Just like in the thread you mention above,
LSI model hangs. First I tried to decrease
the chunks number.
When the chunks number is low ( maybe below 5000),
it does an assert error ( decomposition not initialized yet ).
At 10000, or higher, like the default, it hangs.
If I apply the bugfix you proposed to disable threading,
I get the Assert error. Logs below.
How could I fix that ?
Kind regards,
Boris Arnoux
Numpy : 1.5.1-2
Scipy : 0.9.0-1
Gensim 0.7.8
Running on 5000 samples.

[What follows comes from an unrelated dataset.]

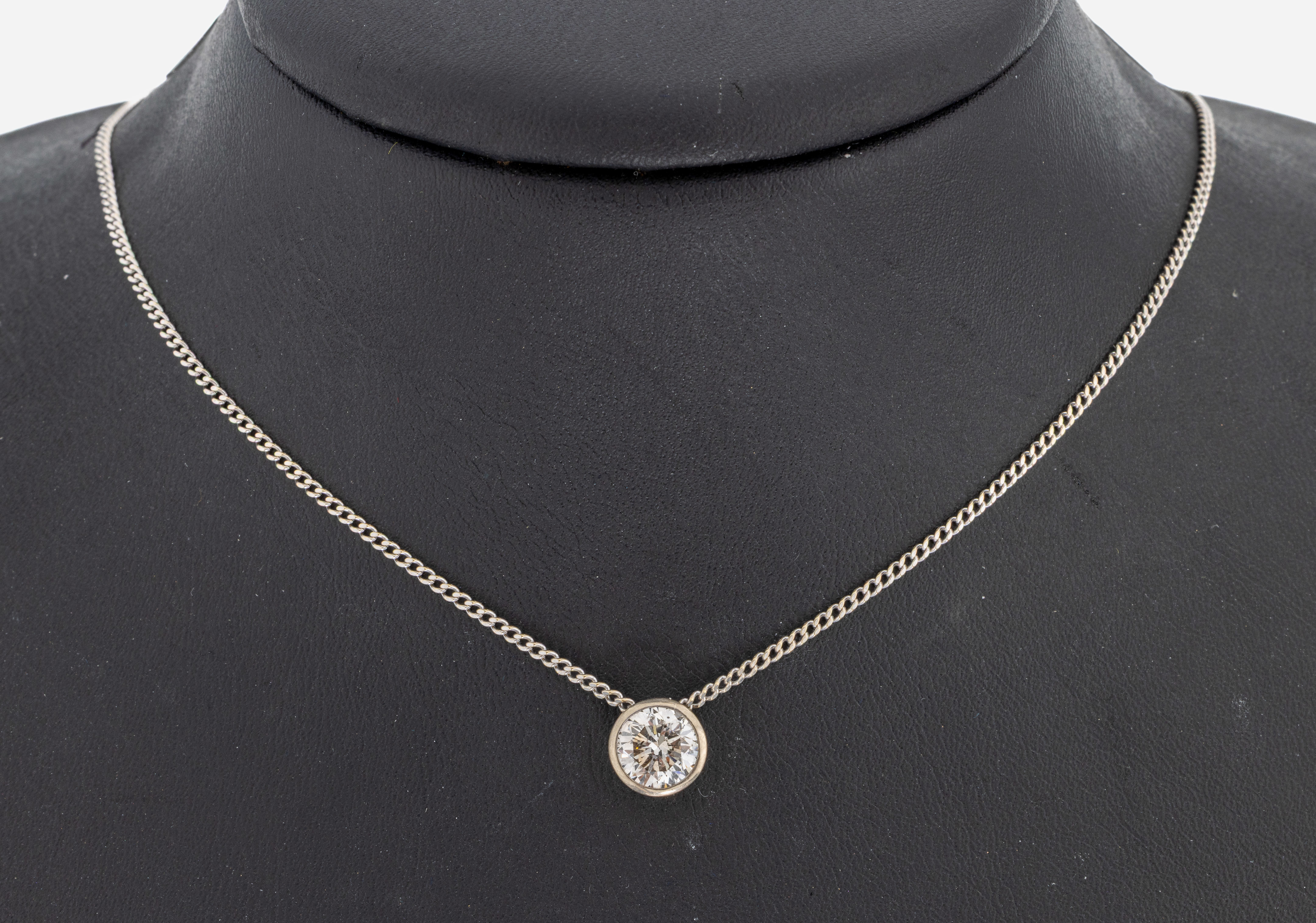 14 kt Gold Brillant-Collier, WG 585/000, Brillant in Zargenfassung, bewegl. gearbeitet,ca.

Chunks = default.
Hangs, log :
INFO:utils:loading Dictionary object from dict.dict
<generator object identitize at 0x274f500>
INFO:tfidfmodel:collecting document frequencies
INFO:tfidfmodel:PROGRESS: processing document #0
Number of rows returned: 252759
INFO:tfidfmodel:calculating IDF weights \
for 4999 documents and 19663 features
(502886 matrix non-zeros)
Corpus TfIdf ready :
INFO:lsimodel:using serial LSI version on this node
INFO:lsimodel:updating SVD with new documents
Chunks = 200 : Assert error
INFO:utils:loading Dictionary object from dict.dict
<generator object identitize at 0x24fa5f0>
INFO:tfidfmodel:collecting document frequencies
INFO:tfidfmodel:PROGRESS: processing document #0
Number of rows returned: 252759
INFO:tfidfmodel:calculating IDF weights for 4999 documents\
and 19663 features
(502886 matrix non-zeros)
Corpus TfIdf ready :
INFO:lsimodel:using serial LSI version on this node
INFO:lsimodel:updating SVD with new documents
Traceback (most recent call last):
File "performlsi.py", line 25, in <module>
corpus_lsi = lsimodel[corpus_tfidf]
File
"/usr/lib/python2.7/site-packages/
gensim-0.7.8-py2.7.egg/gensim/models/lsimodel.py",
line 400, in __getitem__
assert self.projection.u is not None,
"decomposition not initialized yet"
AssertionError: decomposition not initialized yet
python2.7 performlsi.py
27.19s user 0.74s system 84% cpu 32.864 total
Chunks=2000:
Assert error, same log
Chunks=10000:
Hangs, same log as default
Chunks=10000
+ bugfix ( numworkers replaced by 0 ): Assert error
INFO:utils:loading Dictionary object from dict.dict
<generator object identitize at 0x2dec5f0>
INFO:tfidfmodel:collecting document frequencies
INFO:tfidfmodel:PROGRESS: processing document #0
Number of rows returned: 252759
INFO:tfidfmodel:calculating IDF weights for
4999 documents and 19663 features
(502886 matrix non-zeros)
Corpus TfIdf ready :
INFO:lsimodel:using serial LSI version on this node
INFO:lsimodel:updating SVD with new documents
Traceback (most recent call last):
File "performlsi.py", line 25, in <module>
corpus_lsi = lsimodel[corpus_tfidf]
File
"/usr/lib/python2.7/site-packages/
gensim-0.7.8-py2.7.egg/gensim/models/lsimodel.py",
line 402, in __getitem__
assert self.projection.u is not None,
"decomposition not initialized yet"
AssertionError: decomposition not initialized yet